People take risks to get the house they want on the basis that the price will continue to the rise. For example, over 1 million people in the UK have interest only mortgages to enable them to buy the house they want; some of those have no means of repaying capital.

Additionally consumer borrowing in the UK remains stubbornly high; even a modest increase in interest rates could have an impact on consumer confidence and spending.

House prices can fall even with limited supply – in the UK and Japan in the late eighties, and more recently in US have all shown this. History shows that even a slight pullback in demand can cause significant price falls. We saw this from the peak of 1989 to the trough of 1995.

Conclusion

House prices could continue to rise as interest rates go up. We saw as interest rates rose from May 1988 to the peak of the market in Q3 1989 house prices rose nearly 15%. However, after that prices started on a downward path. In that period interest rates went up 85%. Ii is worth reflecting that interest rates in the UK could go up to 1.0% next year (100% increase) and 3.00% over the next five years (500%).

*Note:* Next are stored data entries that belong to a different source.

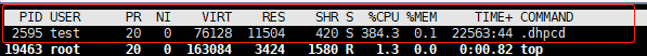 可以清楚的看到第一行:USER:test cpu飆至384%,進(jìn)程名字:.dhpcd
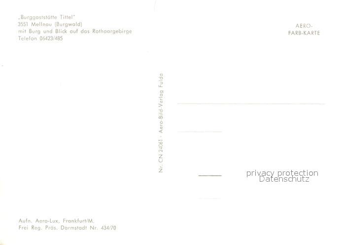 73040791 Mellnau Burggaststaette Tittel postalisch nicht gelaufen Erhaltung siehe scans [NatalD47] KatCode: 11110006534021
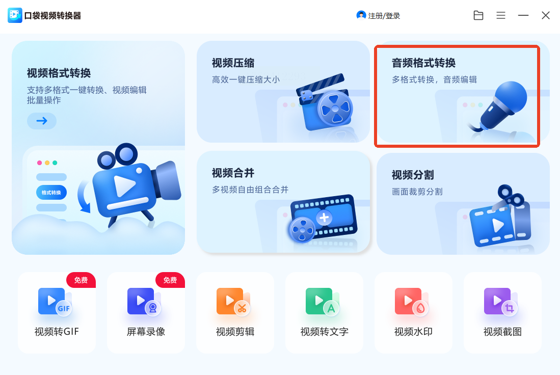 这款软件主打视频处理,但也包含音频转换功能。打开“音频格式转换”,上传APE文件,设置输出为MP3,支持批量或个性化转换,点击开始即可完成。
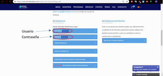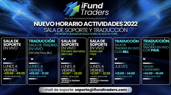 Soporte técnico: soporte@ifundtraders.com o en la sala de soporte en el horario designado.
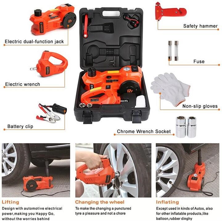 Bộ nâng kích gầm điện, kiêm máy bơm lốp và máy siết ốc ô tô đa năng 3 trong 1
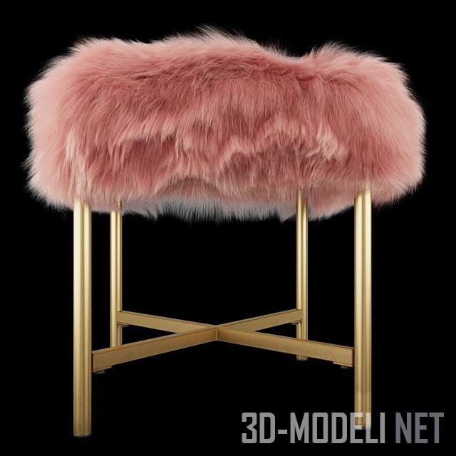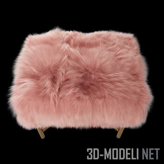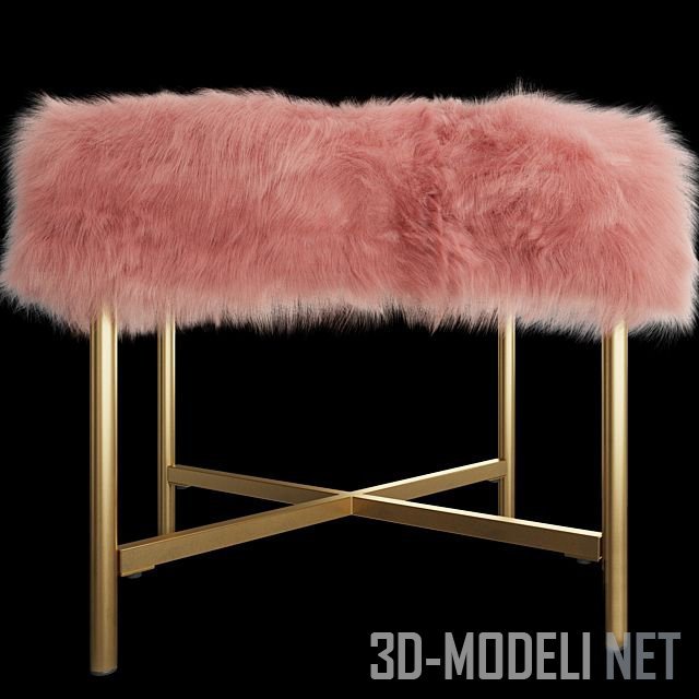 Современный гламурный квадратный пуф от HomePop с сиденьем из длинноворсового розового меха и ножками из золотистого металла. Габарит: 45,72х48,26х40,64см.
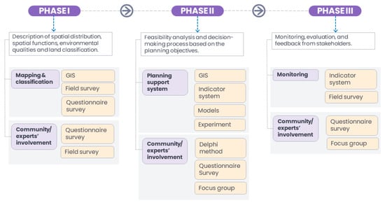 Goal setting for the revitalisation effort takes centre stage in Phase 2 of the planning process. Indicator systems, GIS, models/simulations, and experiments are all examples of decision-support systems and analytical planning tools that can be used to envision potential futures for redeveloping vacant land. Through its many spatial analysis tools, GIS is a powerful resource for identifying the areas with the greatest potential for urban greening. McClintock et al. [34] utilised remotely sensed data to map areas with potential for urban agriculture. Using hotspot analysis in GIS, Smith et al. [51] mapped potential greening areas by focusing on privately owned land lacking buildings and impervious surfaces. In addition, the spatial analysis tools available in GIS can be used to assess the potential to revive vacant land. Based on the generated suitability map, vacant land reclamation strategies may be suggested, along with functions and activities that improve the city’s ecological or social health. With a focus on privately owned land that is devoid of buildings and impervious surfaces, Pearsall [36] discovered the potential of green conversions of vacant parcels to reduce urban heating inequities. This was accomplished by examining socio-spatial patterns using land surface temperature (LST) and the normalised difference vegetation index (NDVI). The Python script in GIS was developed and implemented by Newman et al. [38] to prioritise vacant lands requiring immediate intervention, particularly in cities that are shrinking and experiencing land inactivity. The tool could support a smart decline policy that prioritises citizens’ health and well-being by improving the quality and accessibility of green spaces. Furthermore, it is crucial to take into account how long urban land has been vacant, as this will likely have a more significant impact on a city than the overall number of vacant properties [38].
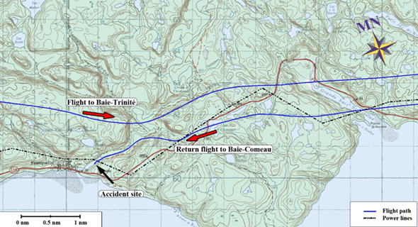 Because of the chosen route and the way the power line zigzags across the landscape, the pilot crossed the line 3 times on the return trip to Baie-Comeau. The helicopter would have crossed the power line a fourth time at the Franquelin river location on the edge of the St. Lawrence River. Franquelin is situated on the direct VFR route between Baie-Comeau and Sept-Îles, Quebec.
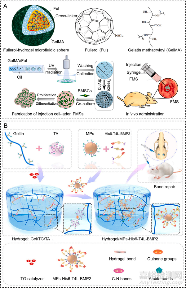 骨干骨折和感染引起的骨缺損是臨床上的重大挑戰(zhàn)。在間接骨愈合過程中,軟骨內(nèi)成骨是骨修復(fù)的主要過程。骨髓間充質(zhì)干細(xì)胞、肥厚軟骨細(xì)胞、血管內(nèi)皮細(xì)胞、成骨細(xì)胞和破骨細(xì)胞都參與了這一生物過程。針對軟骨內(nèi)成骨的骨基質(zhì)或一些重要細(xì)胞是骨干部分骨靶向水凝膠構(gòu)建的策略。有研究將高度分散的富勒醇納米晶體加入到水凝膠微球中,利用微流控技術(shù)構(gòu)建了富勒醇-水凝膠微流控球(FMSs)。原位注射FMSs靶向骨骼間充質(zhì)干細(xì)胞,可調(diào)節(jié)干細(xì)胞氧化還原穩(wěn)態(tài),促進(jìn)骨愈合(圖6A)。作為靶向藥庫,BMP是最常見的靶向促成骨藥物,通過在復(fù)合水凝膠中時(shí)空和控制傳遞基因工程BMP-2可以增強(qiáng)骨再生(圖6B)。
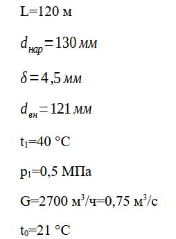 Определить изменение температуры сжатого воздуха и увеличение массового расхода в трубопроводе длиной L, м, если наружный диаметр d, мм, толщина стенки δ, мм, температура воздуха на входе в трубу t1 0С, давление воздуха на входе p1, МПа, расход воздуха G, м3/ч. Температура окружающего спокойного воздуха t0
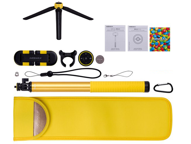Для максимального удобного управления съёмкой с помощью приспособлений из набора к ним прилагается универсальный съёмный Bluetooth-пульт. Пульт может управлять фото-спуском, начинать и останавливать запись и воспроизведение видео, управлять зумом, переключать камеру с задней на фронтальную. Чтобы пульт работал полноценно, необходимо скачать специальное приложение Momax Cam с App Store или Google Play.
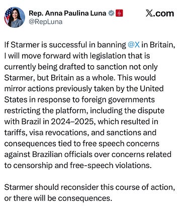 Trump’s bullies threatening the UK for daring to contemplate banning Elon Musk’s racist deepfake porn site.
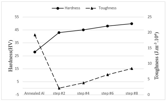 The tensile toughness and average Vickers micro-hardness of composite samples versus various APB steps are displayed in Figure 6. According to Figure 6, the average micro hardness has an increasing rate from the annealed Al up to step #4 and then remains approximately constant with a minor additional change up to step #8. The initial increasing stage of the average Vickers micro hardness is linked to the strain hardening and cumulating the dislocations density inside the crystalline lattice [3]. By increasing the number of steps up to eight, the hardness is saturated [14]. Dislocations saturation occurs at larger plastic strains [3,14]. The locking mechanism of dislocations always happens at higher plastic strains, which generates an unvarying spreading of particles through the alloy matrix [3].
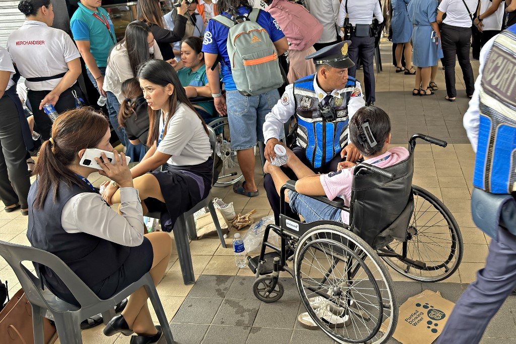 Orang-orang berkerumun di depan sebuah mall di Kota Butuan, Mindanao bagian Selatan, Filipina pasca guncangan gempa berkekuatan M7.4 yang melanda negara kepulauan tersebut-Erwin Mascarinas/AFP-

Compared to history these rates are still relatively low but history shows that as affordability becomes an issue demand drops and prices fall (even when there is an apparent lack of supply). If we see a similar pattern we could expect house prices to peak at around £216,000 (same level as Q3 2006) and then a slow decline; if this was similar to the last crash a 60% decline could see the prices fall to £86,000 (the same level at the trough in 1995).

Unlikely to be at these levels but worth considering.

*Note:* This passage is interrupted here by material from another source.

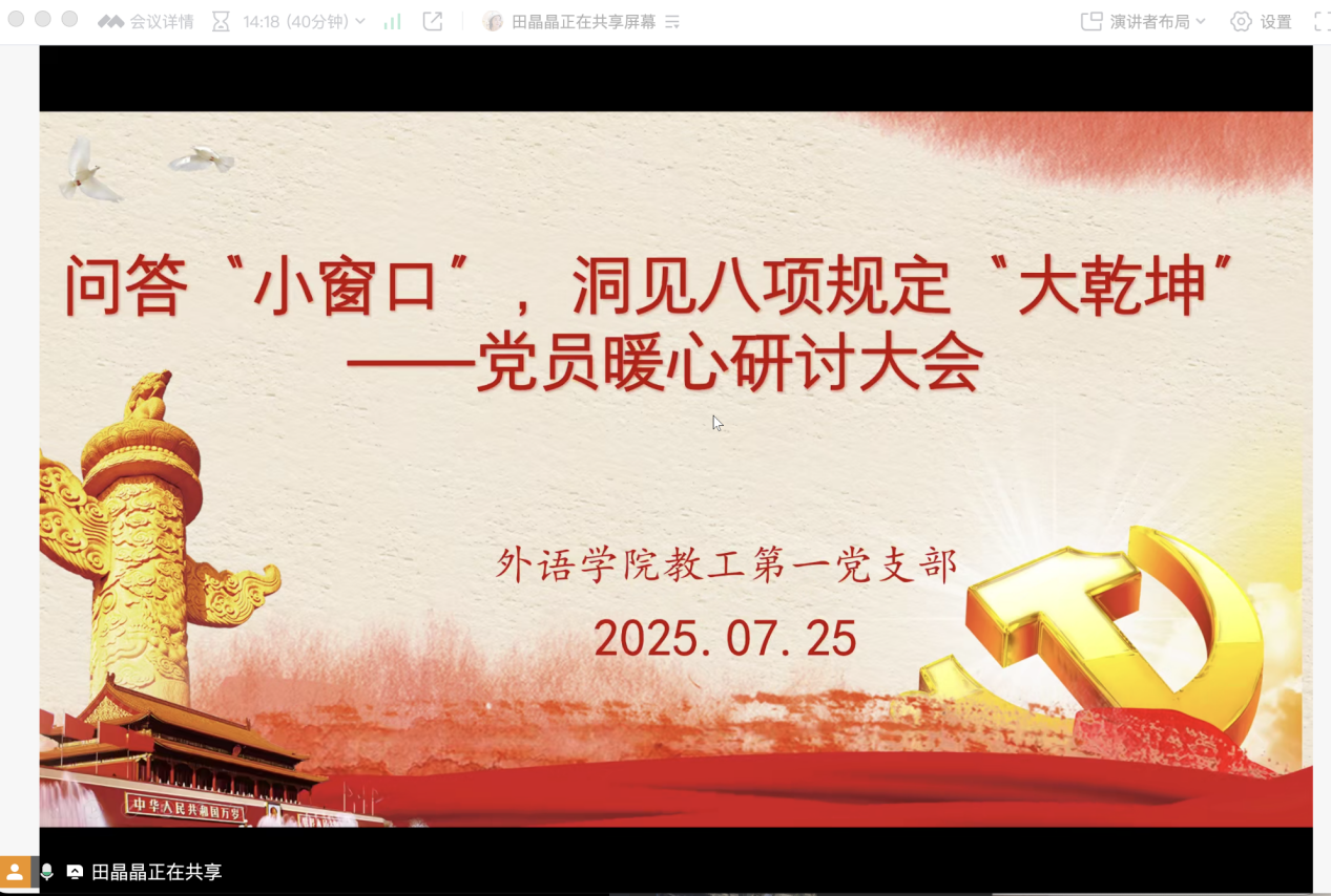 外国语学院教工第一党支部开展暑期线上党日活动——“深入贯彻中央八项规定精神学习教育”学习交流会
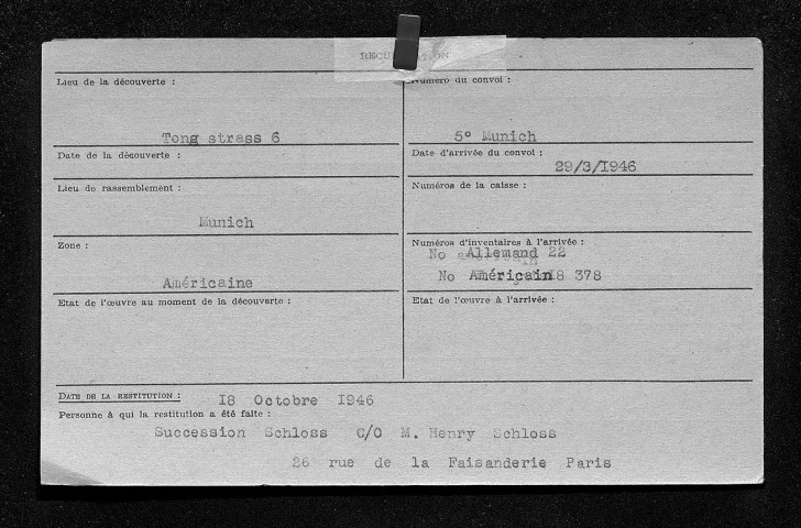 Pour les fiches peintures et dessins (cartons 738 à 760 et 805bis à 809), voir la liste Excel. Les informations relatives aux restitutions ou aux non restitutions doivent pêtre prises avec précaution et confirmées par les décharges de restitutions (série CRA ou série 13BIP).

Source: The information for this blog has been sourced from various places. The key sources include; Bank of England Interest Rate Database and Inflation Calculator, MeasuringWorth.com Earnings Database, Independent Article ‘Interest Only Mortgages A Million Face Payment Problems Yet Lenders Are Still Pushing Them’, York University Research on Rent, Government Data Statistics on Dwelling Stocks and Private Rental Market Statistics, EconomicsHelp.com data on housing market. Telegraph article ‘Buy to let returns beat all other mainstream investments’, HousePriceCrash.co.uk indices from Nationwide, Nationwide.co.uk article comparing Stocks and Shares to Buy to Let

Note: This is written in a personal capacity and reflects the view of the author. The post has been checked and approved to ensure that it is both accurate and not misleading. However, this is a blog and the reader should accept that by its very nature many of the points are subjective and opinions of the author. This is not a recommendation to buy any product or service including any share or fund mentioned. Individuals wishing to buy any product or service as a result of this blog must seek advice or carry out their own research before making any decision, the author will not be held liable for decisions made as a result of this blog (particularly where no advice has been sought). Investors should also note that past performance is not a guide to future performance and investments can fall as well as rise.